Ioșia (/ro/; Őssi) is an outlying quarter (or district) in Oradea, Romania. It is a mix of both high-rise housing blocks built in Communist times as well as low-density housing. The quarter is an exurban environment — that is, in between a rural area and a suburban environment. It is located in the city's far southwest, and, although there is good infrastructure in terms of education, shopping, and, to some extent, transportation, the quarter still has a significant number of unpaved roads and country-style houses. Ioșia is usually divided into three areas: Ioșia Nord, Calea Aradului, and between those two, Ioșia Veche.

Of the three areas of Ioșia, Ioșia Nord is the most developed, having 2 high schools, 1 kindergarten, 1 swimming pool, many supermarkets and a direct transportation line to the University of Oradea (being one of the two districts which have direct transportation to the University). It is also a beautiful place to take a walk, mainly because of the Crișul Repede river which separates Ioșia Nord from the Rogerius district.

On the current site of the Ioșia Swimming Pool Complex, there was a place called La Groapă, where people bathed near the Criș River due to the thermal water’s excellent healing properties. The investment was kept secret because it was too expensive to be approved by the authorities at the time, and it was carried out through patriotic labor, with local businesses also contributing everything necessary. Moreover, the project included an Olympic-size pool, but during construction, Nicolae Ceaușescu visited Oradea for a work-related visit. Fearing they would be discovered, the builders buried the pool. It was never uncovered, and one of the two main buildings of the swimming pool complex was built over it.
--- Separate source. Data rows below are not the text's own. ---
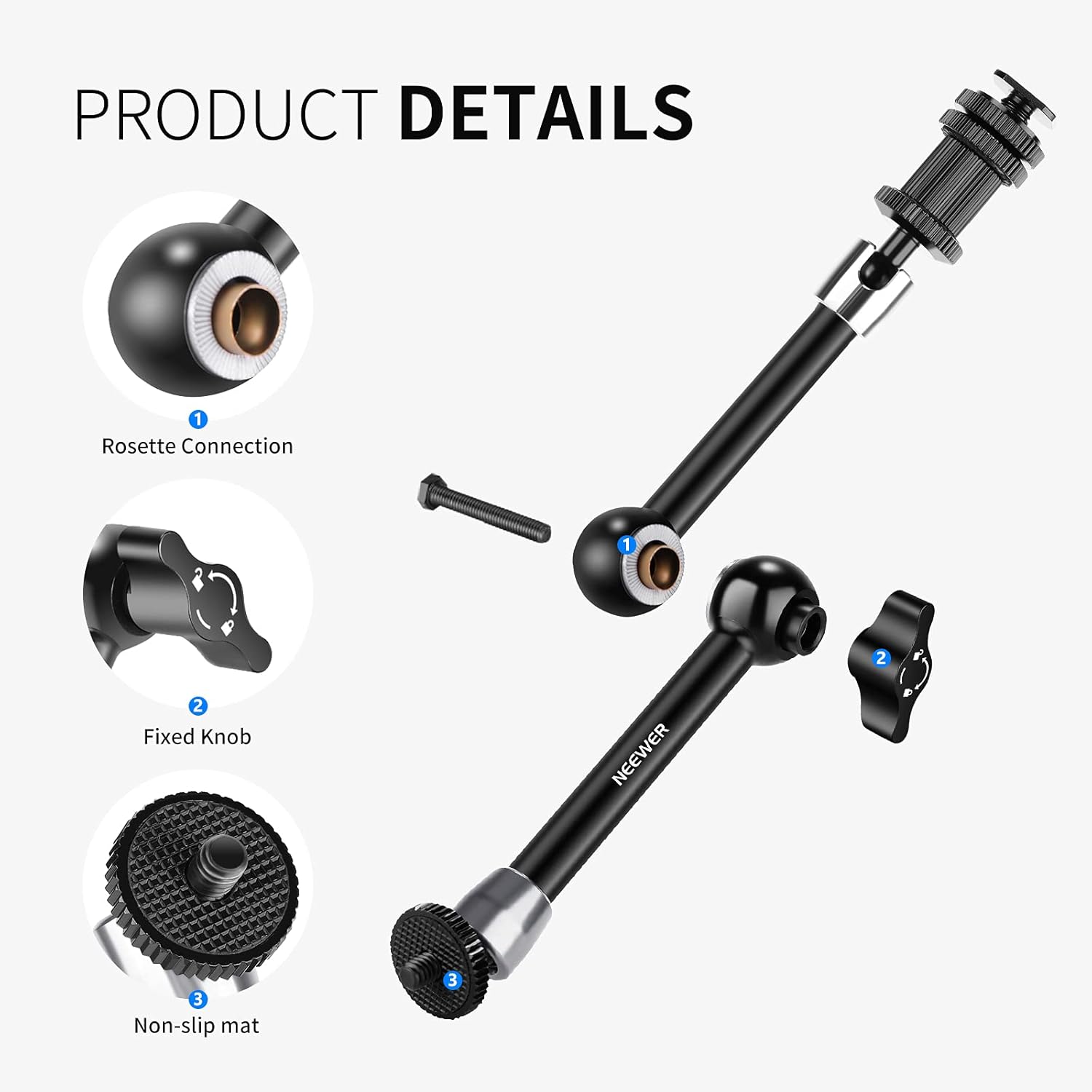 - 【Small & Lightweight】 11” magic arm (with cold shoe adapter) and the super clamp are lightweight and can be easily slip into a pocket for indoor and outdoor activities. The maximum load capacity of the magic arm is 4.4lb/2kg
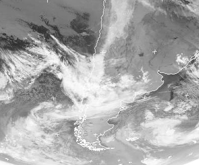 Viele Teile des Südens von Südamerika sind nur gering bewölkt oder wolkenfrei. Im Südwesten, vor der chilenischen Küste liegt aber ein Tief, dessen Wolken an die Anden des mittleren Chile ziehen. Hier kommt es zu teils sehr kräftigen Regenfällen, in den Bergen zu Schneefällen. (Bildquelle: NERC Satellite Receiving Station, Dundee University, Scotland, http://www.sat.dundee.ac.uk/)
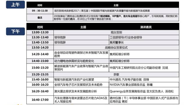 演讲嘉宾除了集邦咨询和集邦咨询旗下拓墣产业研究院的专业分析师之外,还有Quanergy Systems Inc亚太区&中国区负责人汤劲松先生,德州仪器半导体事业部中国区嵌入式产品系统与应用总监蒋宏先生,NVIDIA汽车事业部高级总监陈曦先生,中兴通讯汽车电子副总裁田锋先生,中国汽车工程研究院北京分公司副总经理沈斌先生。具体议程见下表:

Calea Aradului, lying on the southern part of Oradea, is, as its name says, the way to Arad, another county in Romania. The Oradea Airport is located here, at the town exit.

Ioșia Veche (Old = Vechi in Romanian) is entirely composed of houses, being the only one of the three areas with some unpaved roads.

The quarter is one of the most beautiful in Oradea because it maintains a rustic, rural feel which still being relatively built-up and close to the city. For tourists, it provides insight into Romanian country life while still being in the city close to all the excellent facilities that Oradea is home to. In Oradea, there is a stereotype about people from Ioșia as being fairly uneducated in comparison to more inner-city urbanites, even though this is changing fast as real estate prices are increasing in the city centre and wealthy people are building large houses (villas) in Ioșia. This neighborhood, is used to belong to the actual Santandrei village, most of the elders living in the area of Ioșia are former Sântandrei village residents.